Saturday, October 24, 2009

Saturday Smiles



LOST LIBERAL
A woman in a hot-air balloon realized she was lost. She lowered her altitude and spotted a man in a boat below. She shouted to him, "Excuse me, can you help me? I promised a friend I would meet him an hour ago, but I don't know where I am."

The man consulted his portable GPS and replied, "You're in a hot air balloon, approximately 30 feet above a ground elevation of 2,346 feet above sea level. You are at 31 degrees, 14.97 minutes north latitude and 100 degrees, 49.09 minutes west longitude.

She rolled her eyes and said, "You must be a Right-Wing Conservative Republican."

"I am," replied the man. "How did you know?"

"Well," answered the balloonist, "everything you told me is technically correct. But I have no idea what to do with your information, and I'm still lost. Frankly, you've not been much help to me."

The man smiled and responded, "You must be an Obama Democrat."

"I am," replied the balloonist. "How did you know?"

"Well," said the man, "you don't know where you are or where you are going. You've risen to where you are, due to a large quantity of hot air. You made a promise you have no idea how to keep, you expect me to solve your problem, and you're in exactly the same position you were in before we met, but somehow, it's my fault."


LITTLE CONSERVATIVE
A first grade teacher explains to her class that she is a liberal Democrat. She asks her students to raise their hands if they were liberal Democrats too. Not really knowing what a liberal Democrat was, but wanting to be like their teacher, their hands flew up into the air.

There was, however, one exception. A girl named Lucy had not gone along with the crowd. The teacher asks her why she has decided to be different.` Because I`m not a liberal Democrat.``Then,` asks the teacher, `What are you?``Why I`m a proud conservative Republican,` boasts the little girl.
=======================================
The teacher, a little perturbed and her face slightly red, asked Lucy why she is a conservative Republican.`Well, I was brought up to trust in myself instead of relying on an intrusive government to care for me and do all of my thinking. My Dad and Mom are conservative Republicans, and I am a conservative Republican too.`The teacher, now angry, loudly says, `That`s no reason! What if your Mom was a moron, and your dad was a moron.
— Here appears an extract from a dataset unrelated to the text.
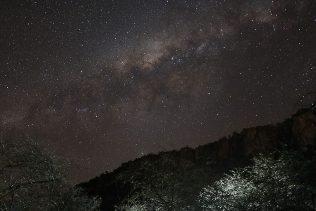 Während Andrea gerade ein paar Fotos von der Milchstraße macht, schreibe ich den heutigen Bericht und anschließend werden wir bald unter das Moskitonetz in unser Bett steigen, denn morgen wartet eine lange Fahrt zu Ansie und Hannes ins Mukuku Restcamp. Wir freuen uns schon auf zwei relaxte Tage am Okavango.

What would you be then?`She pauses, and lets out a smile. `Then,` Lucy says, `I`d be a liberal Democrat.`


TOP 19 INDICATORS THAT THE ECONOMY IS BAD

10. CEO’s are now playing miniature golf.

 9. I got a pre-declined credit card in the mail.

 8. I went to buy a toaster oven and they gave me a bank.

 7. Hot wheels and Matchbox car companies are now trading higher than GM in the stock market.

 6. McDonalds is selling the 1/4 ouncer.

 5. People in Beverly Hills fired their nannies and are learning their children’s names.

 4. The most highly-paid job is now jury duty.

 3. Motel Six won’t leave the lights on.

 2. The Mafia is laying off judges.

 1. If the bank returns your check marked as “insufficient funds,” you have to call them and ask if they meant you or them.
 =======================================


Its a bird! Its a plane! No, he's Barack Obama and hes come to save the day!


A man is sitting in a bar far from home when Barack Obama comes on TV. The man looks at the TV and says, “Obama is a horse’s butt.” Out of nowhere, a local jumps up and punches him in the face, knocking the first guy off his bar stool, then stomps out. He gets up, rubbing his cheek and orders another beer.

Shortly afterwards, Michelle Obama appears on the TV. He looks at the TV and says, “She is a horse’s butt, too!” Out of nowhere, another local punches him on the other side of the face, knocking him off his bar stool again.

He gets back up and looks at the bartender, “I take it this is Obama country?”

“Nope.” replies the bartender. “Horse country.”